Many couples believe that deciding to divorce is the hardest thing they’ll ever do; that is, until they realize that they have to tell their children. While you have no control over how your children will react to the news, there are a few things you can do to help the initial conversation go more smoothly:
- Try to present the decision in as neutral a way as possible. The announcement of the divorce is not the time to start the blame game (Where children are concerned, there is never a good time to start the blame game).
- Give honest, concrete information at developmentally appropriate levels. Let them know what will be different after the divorce (i.e. that there will be two households) and what will remain the same (i.e. that they will still go to the same school).
- Emphasize that your decision to divorce has nothing to do with them. Let them know there is nothing they could have done to prevent the divorce from happening.

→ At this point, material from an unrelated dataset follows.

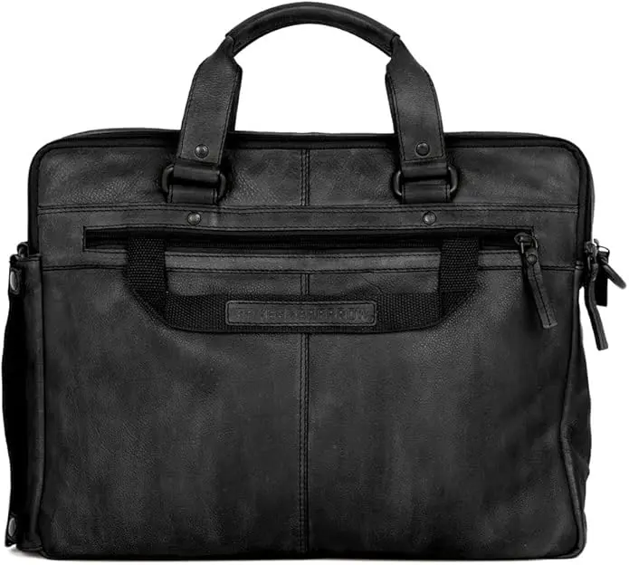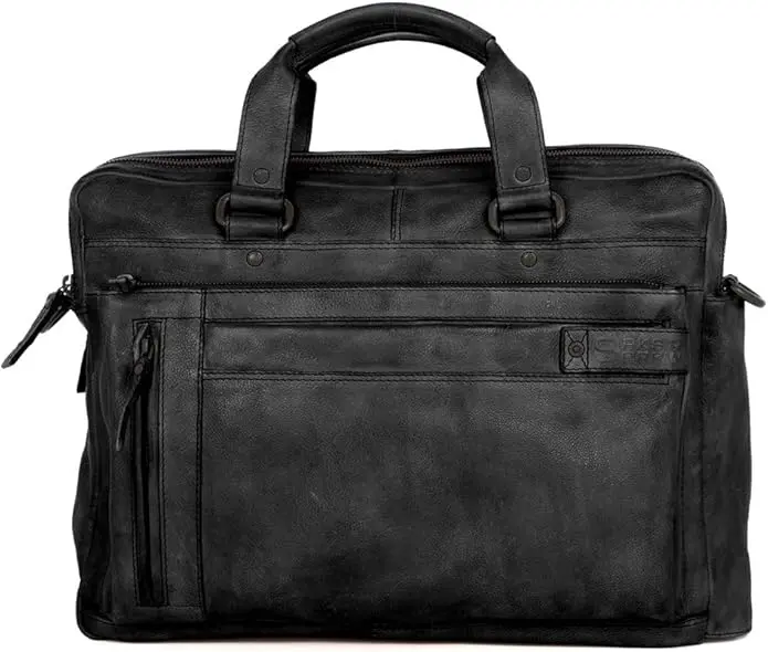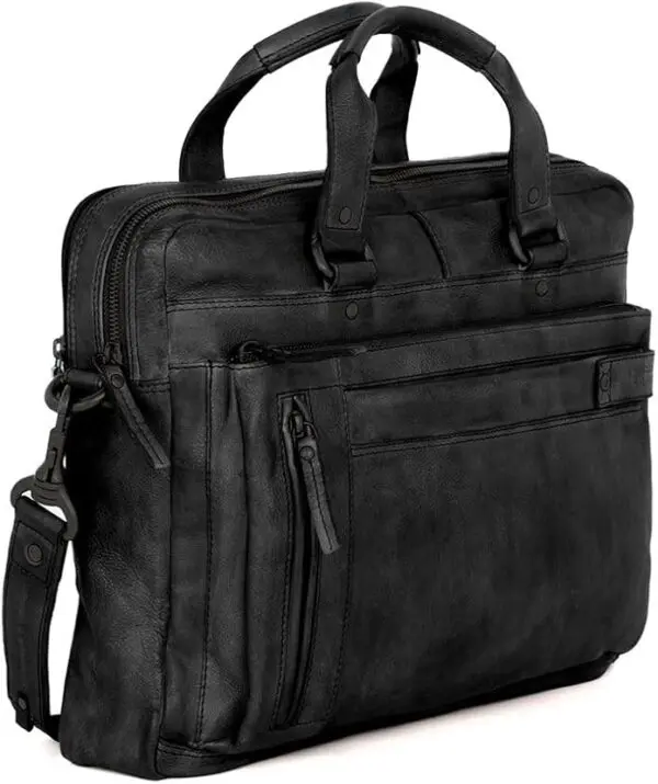 Spikes & Sparrow leður fartölvutaska Brutus Svört 15,6"

- Don’t be surprised if your children think only of themselves. Depending on their ages and developmental levels, some will be more self-focused than others, but for the most part, children are going to think about themselves first. Be ready for “selfish” sounding questions, like “who will pay for me to keep playing baseball?” and “who will drive me to school?”
- Accept a range of emotions, or no initial expression of emotion at all. Every feeling is okay – anger, relief, frustration, surprise, disbelief, sadness, excitement, etc. The same does not go for all behaviors (i.e. “I understand that you are angry, but you may not kick the dog”).
Though these tips are designed to help you through the initial talk, understand that the conversation about divorce will be on-going, and not just over the first few weeks or months, but potentially over the children’s lifetimes. As children get older and move through developmental stages, they often reinterpret past events through the lens of their newfound maturity. Your willingness to talk to them over and over will be an outward manifestation of your pledge to continue loving them.
Lastly, be kind to yourself through this process. There is no real “right way” to handle any particular situation with your children. You can simply do the best you can with the knowledge and resources you have available at the time.